*Credit*: some material here has been adapted from [Sam Roweis](https://www.cs.nyu.edu/home/people/in_memoriam/samroweis.html)' [Linear Algebra Review](http://www.cs.ubc.ca/~murphyk/Teaching/Papers/roweis_linAlgebra.ps).


In [0]:
import numpy as np
import matplotlib.pyplot as plt

# Vectors and Matrices

Linear algebra is the study of vectors and matrices and how they can be manipulated to perform various calculations. 

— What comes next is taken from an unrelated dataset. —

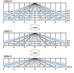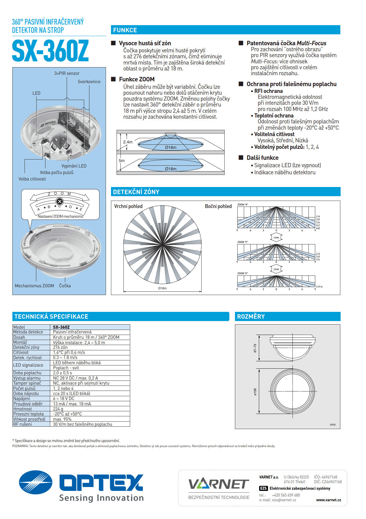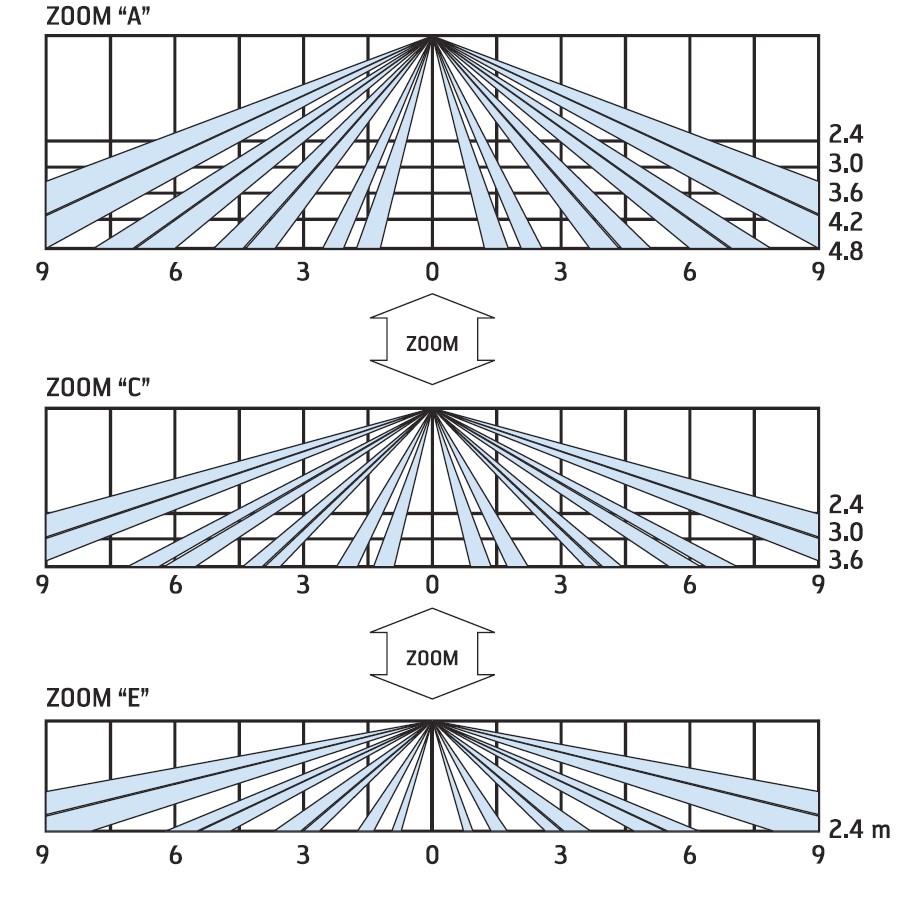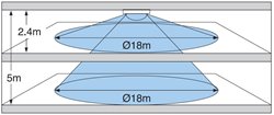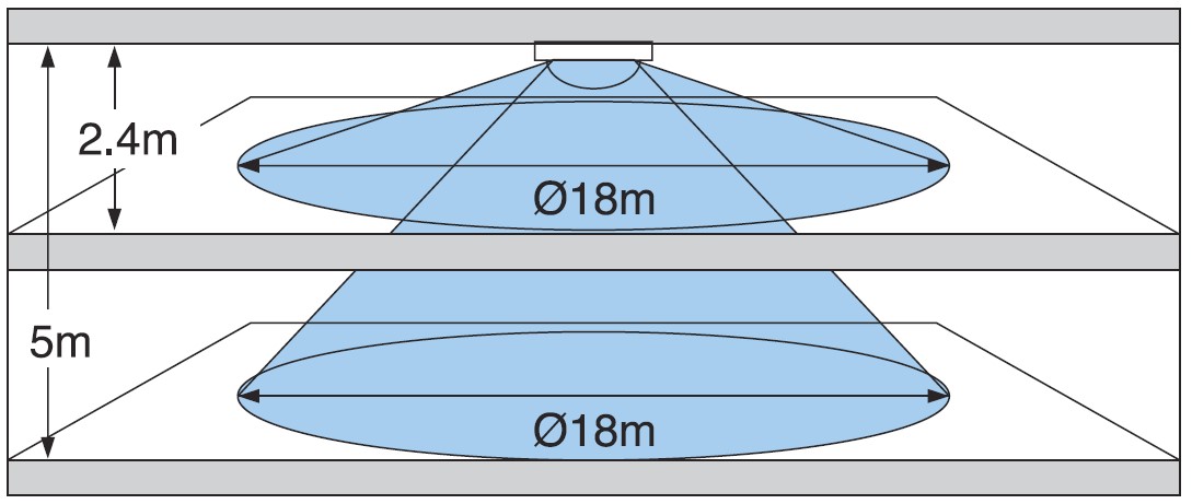 Stropní detektor s instalační výškou 2,4 m až 5 m a s průměrem hlídané plochy 18 m v celém intervalu instalační výšky. Detektor má funkci ZOOM pomocí kterého se pro danou výšku instalace nastaví plný záběr 18 m.
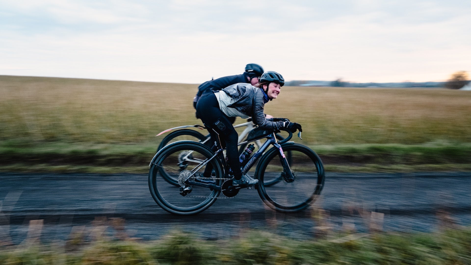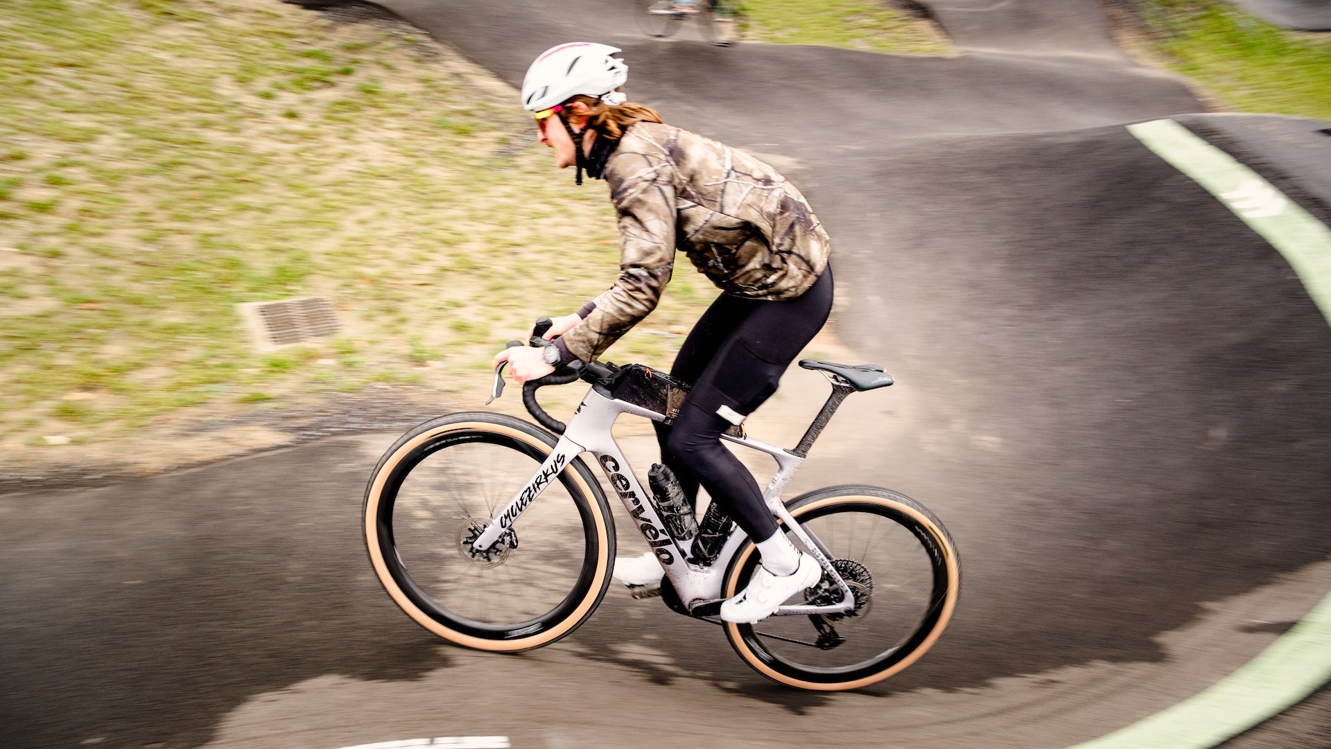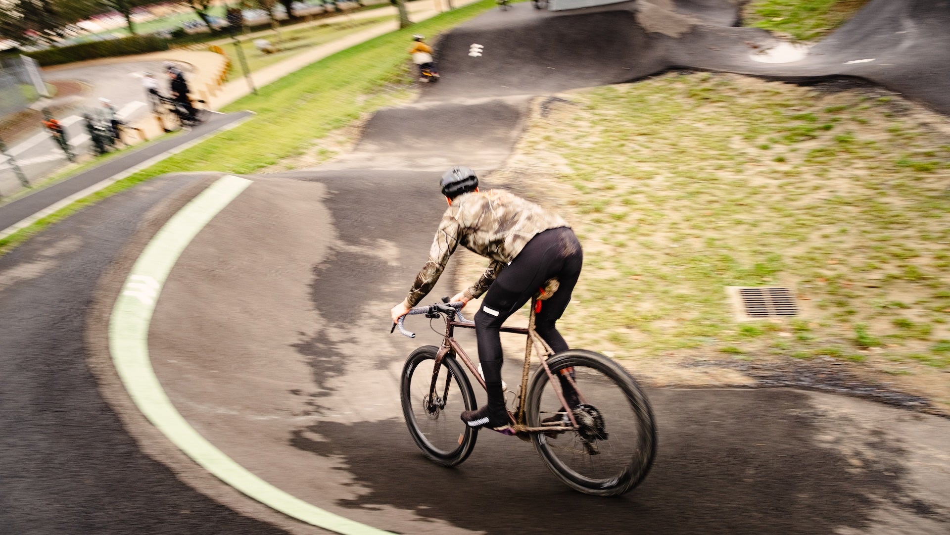 From there, playtime. A stop at a local pump track, where road and gravel bikes did a few unnecessary tricks, purely for fun. Laughter, small jumps, zero seriousness.

We will start by exploring some simple operations on vectors and matrices.

## Addition and scaling

Adding up two vectors or two matrices is easy: just add their corresponding elements (of course the two must be the same shape!):

In [0]:
x = np.array([1, 2, 3])
y = np.ones(3, )
print(x)
print(y)
print(x + y)

Note that when printing vectors, NumPy will format them as row vectors. But to stay consistent with [Mathematics of Machine Learning](https://mml-book.github.io/), for vectors where we are not explicit about whether they are a row- or column-vector, that is $\mathbf{x} \in \mathbb{R}^n$ as opposed to $\mathbf{x} \in \mathbb{R}^{1 \times n}$ or $\mathbf{x} \in \mathbb{R}^{n \times 1}$, we will call these column vectors.

Do you know why there is a decimal point following the elements of the second and third vectors above?

In [0]:
A = np.array([[1, 2, 3], [4, 5, 6]])
B = np.arange(6).reshape(A.shape)
print(A)
print(B)
print(A + B)

Multiplying a vector or matrix by a scalar just multiplies each element by the scalar:

In [0]:
print(2 * x)
print(0.5 * A)

## Matrix-vector and matrix-matrix multiplication

A good way to think of an $n \times m$ matrix $A$ is as a machine that eats $m$ sized vectors and spits out $n$ sized vectors. This conversion process is known as (left) multiplying by $A$ and has many similarities to scalar multiplication, but also a few differences. Most importantly, the machine only accepts inputs of the right size.

In [0]:
# In Numpy, both matrix-vector and matrix-matrix multiplication is performed by np.dot
print(A.shape)
print(y.shape)
print(np.dot(A, x))
print(A.dot(x))

In [0]:
print(np.dot(A, x[:2]))  # not compatible sizes

Like scalar multiplication, matrix multiplication is *distributive* and *associative*:

$$
\begin{aligned}
A(\mathbf{x} + \mathbf{y}) & = A\mathbf{x} + A\mathbf{y}\\
 B(A\mathbf{x}) & = (BA)\mathbf{x}
\end{aligned}
$$

One way to think of this is that the matrix product $BA$ is the equivalent linear operator you get if you compose the action of $A$ followed by the action of $B$.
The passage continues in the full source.